'Hands' French, c18th, Richard Day |
The exhibition notes say that museums traditionally aim to observe the hierarchies of history, whereas collectors and artists acquire or visually consume anything and everything that appeals to them personally. And this goes straight to the heart of this show. The small, intimate pieces borrowed from the Day Collection demand your attention because they have this aura of love and care around them. They are all beautiful works of art and where artists have responded to a specific one, they could not fail to have been inspired by it and open a dialogue with the past.
The difference within the commissioned works is vast. Even when the subject is similar they are treated in different ways. The landscapes of Chloe Steele are warm, romantic, apricot and gold, the abstracted light shining out of the canvas. Mark Wright's have the silver moon rising out of vivid purples and greens, colours that threaten to engulf the viewer. Mark was inspired by the tiny atmospheric sketch of his former teacher Alan Reynolds’s ‘Study of trees at Shoreham’.
Richard Stone took the red chalk drawing of a horse by Giuseppe Cesari (1568-1640) and expanded and deconstructed it conceptually; he took the ornate frame, the red chalk, the horse and created a number of 3D tableaux which in all, mimic and recreate the light forward movement of the horse in the drawing. Aly Helyer maintains her familiar grasp of the surreal portrait, four of them created in response to the Abraham Bosse seventeenth century elemental portraits.

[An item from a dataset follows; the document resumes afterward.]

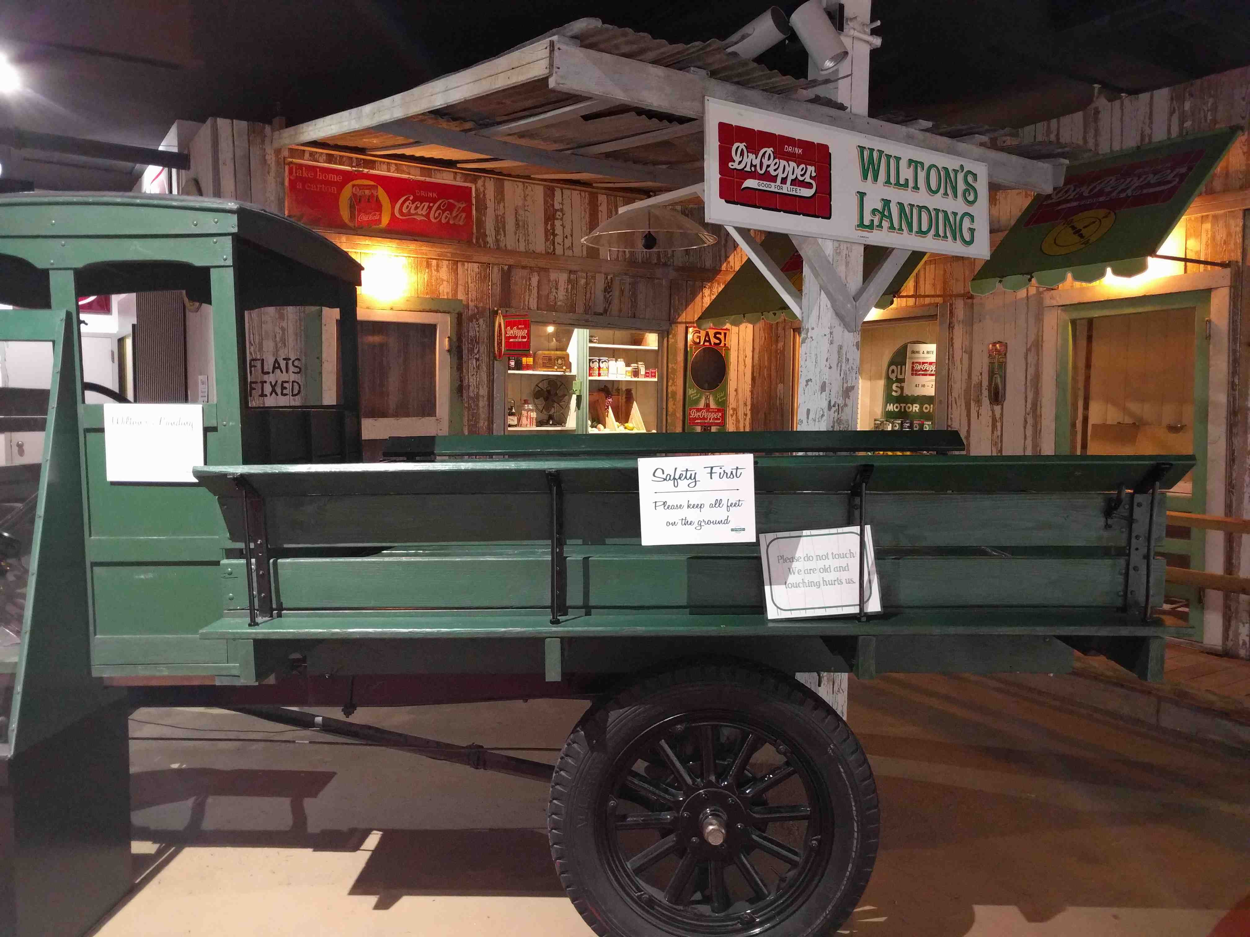 Wilton’s Landing is a display of an old country store and service station.

During the curator talk, Lucy stated that though there are many genres for ‘Old Master’ works, landscape, portrait, etc., contemporary art appears to have just one label; ‘contemporary’. This classic academy based artificial demarcation of genre or subject is not as important to artists working now as it was to artists in the past. But in an exhibition like this, the curators have to work with the traditional language of these drawings or the dialogue set up in this exhibition would risk being lost in translation. Therefore many of these commissioned pieces are examples of landscape or portrait, consciously echoing their source material – however this is as much curatorial choice as it is artistic.
What perhaps wasn’t expected was such a 'gothic' atmosphere. When I imagine fine seventeenth century etchings, chalk drawings, and a stunning Ludovico Carracci Madonna and child, I didn’t think I’d depart feeling quite so dark. The temporary Fiona MacDonald installation inspired by the Shoreham Ancients of the 1820s with the light supplied by the moon and the barn owl was suitably eerie. Ann-Marie James's astonishingly worked found book plates from the series 'Bernini and other studies' were arresting in their metamorphosing genius. Their art historical antecedents are obvious but they have a touch of Victoriana macabre; the smearing of faces is really disturbing.
The other star of the exhibition was the Gordon Cheung series ‘Revelations’ (2009). Laser cut on to compressed wodges of the Financial Times, the biblical beasts and hellish symbols really need no explanation. The link between the money and banker avarice is clear and the artist is making a political and economic statement. The images he uses are certainly not Old Masters; they belong to an age before. Although these are powerful, it is difficult to see where they fit into the conversation with the other rather polite images.
My final remark is simply a question regarding the title of the exhibition ; 'Old Master Dialogues'. What precisely is an old master? For me it screams dull, dark oils of the very worst kind that you find in terrible art dealers, usually of still life flowers of the Dutch type. So I would prefer not to open a dialogue with some of these awful artists... So despite the off putting name of this exhibition, the channels it opens between the old and new, the found and the rediscovered are extremely thought provoking. And most of all elicit a personal response to what is essentially a very personal art collection.
'Old Master Dialogues' at the Collyer Bristow Gallery runs to 29 Jan 2014.